Exercise: The lines from the one containing "Women's Blouse Long" through the last one in the data: please copy those exactly, and only those, without the pictures.

Stored items
--

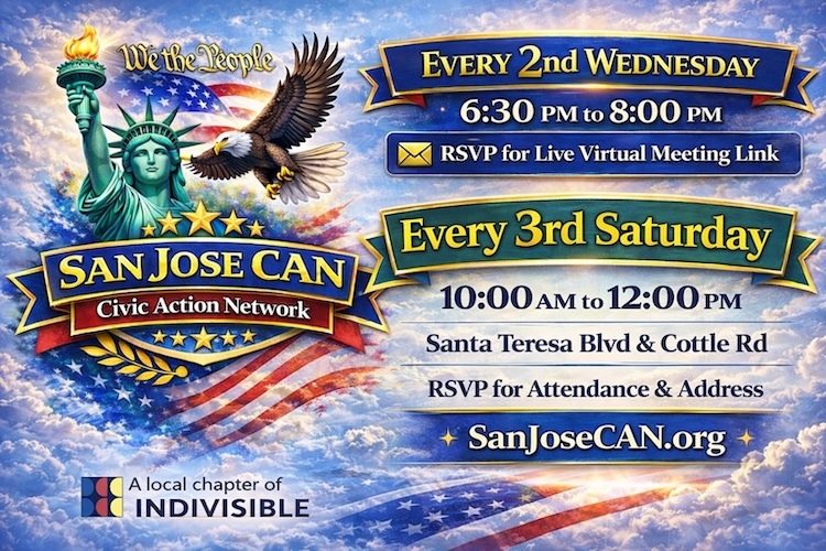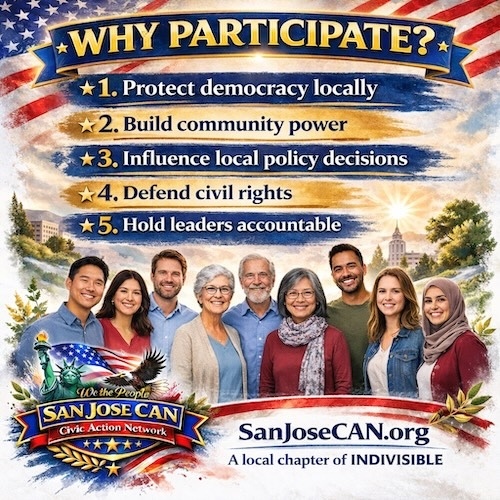 San Jose CAN is a newly formed, grassroots, volunteer-led civic action network in San Jose, California, and a local chapter of the nationwide Indivisible movement. San Jose CAN advances social justice, equal rights, and humanitarian causes through civic education, advocacy, and peaceful public action, while promoting voter rights, election integrity, and accountable government at the local, state, and federal levels.
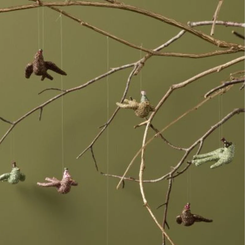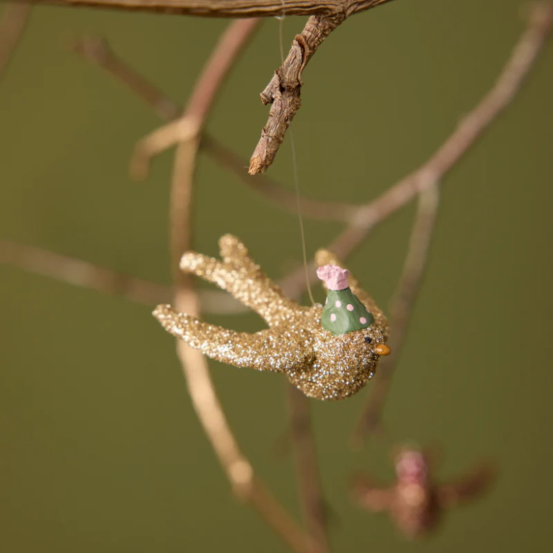 Elegant glimmerophæng til juletræet i from af guldfarvet due
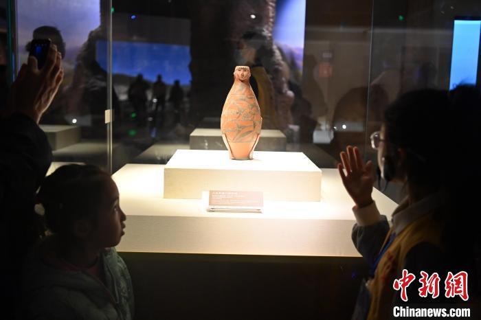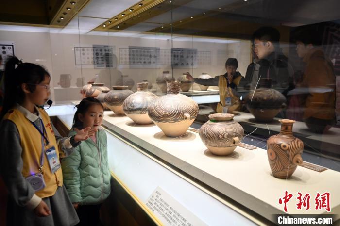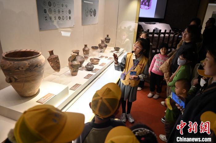 11月16日,正值周末,9歲的少年講解員侯澤依(右)在甘肅省博物館彩陶展廳為游客講解。中新社記者 九美旦增 攝
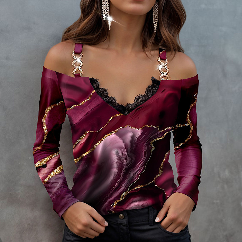 Women's Blouse Long Sleeve V Neck Fashion Abstract Print Cold Shoulder Regular Tops Casual Red Blue Green Spring Fall
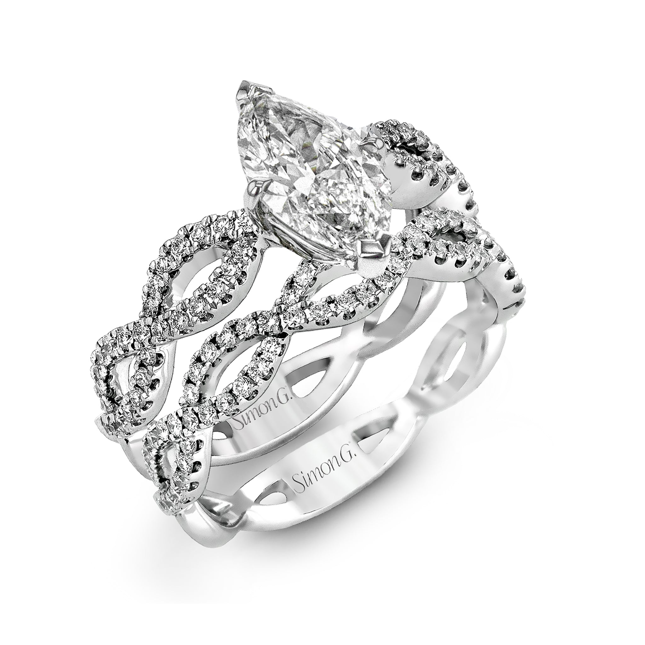 The intricate twist design of this modern wedding set features is adorned with striking white diamonds.

--

Expected answer:
 Women's Blouse Long Sleeve V Neck Fashion Abstract Print Cold Shoulder Regular Tops Casual Red Blue Green Spring Fall
 The intricate twist design of this modern wedding set features is adorned with striking white diamonds.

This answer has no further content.